WORK ORDER: Copy only what lies from the line containing "据了解,打算携号转入中国广电" through the line containing "リビングは落ち着いた雰囲気な" in the entries below, keeping both end lines exact and dropping every picture.

PROVIDED INFORMATION:
= Beginning of Section =

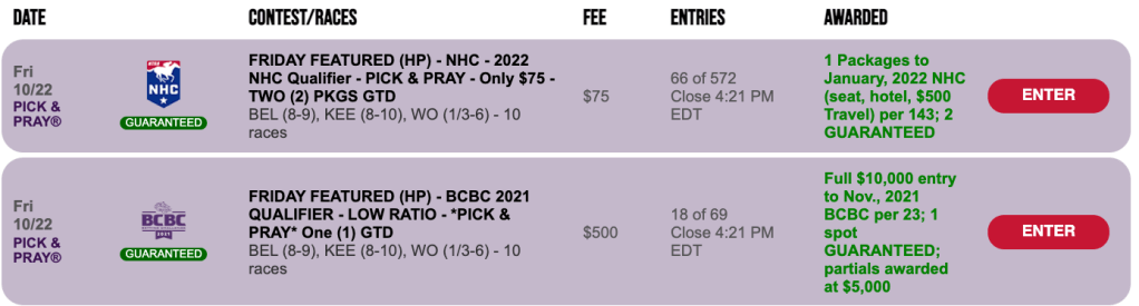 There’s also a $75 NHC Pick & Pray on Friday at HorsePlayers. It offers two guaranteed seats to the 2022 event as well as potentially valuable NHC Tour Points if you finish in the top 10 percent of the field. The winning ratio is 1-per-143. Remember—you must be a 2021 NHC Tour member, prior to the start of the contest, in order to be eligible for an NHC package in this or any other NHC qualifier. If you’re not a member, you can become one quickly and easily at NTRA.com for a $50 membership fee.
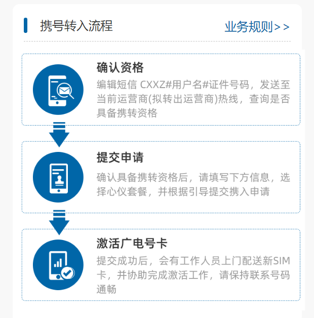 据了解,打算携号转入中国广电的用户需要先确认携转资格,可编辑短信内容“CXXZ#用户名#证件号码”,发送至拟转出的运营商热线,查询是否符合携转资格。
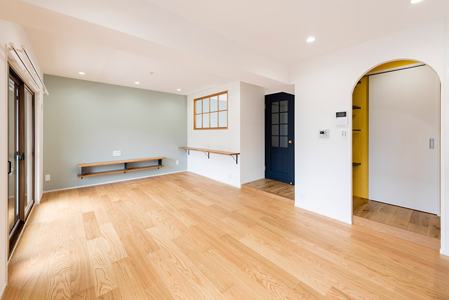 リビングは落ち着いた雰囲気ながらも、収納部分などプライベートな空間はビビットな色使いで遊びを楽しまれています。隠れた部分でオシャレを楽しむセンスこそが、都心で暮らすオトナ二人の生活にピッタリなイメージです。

= End of Section =
= Beginning of Section =

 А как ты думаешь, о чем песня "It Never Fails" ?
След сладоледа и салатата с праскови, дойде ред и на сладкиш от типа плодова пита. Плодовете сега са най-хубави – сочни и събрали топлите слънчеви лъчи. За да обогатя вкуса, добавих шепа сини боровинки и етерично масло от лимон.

= End of Section =

RESPONSE TO THIS TASK:
 据了解,打算携号转入中国广电的用户需要先确认携转资格,可编辑短信内容“CXXZ#用户名#证件号码”,发送至拟转出的运营商热线,查询是否符合携转资格。
 リビングは落ち着いた雰囲気ながらも、収納部分などプライベートな空間はビビットな色使いで遊びを楽しまれています。隠れた部分でオシャレを楽しむセンスこそが、都心で暮らすオトナ二人の生活にピッタリなイメージです。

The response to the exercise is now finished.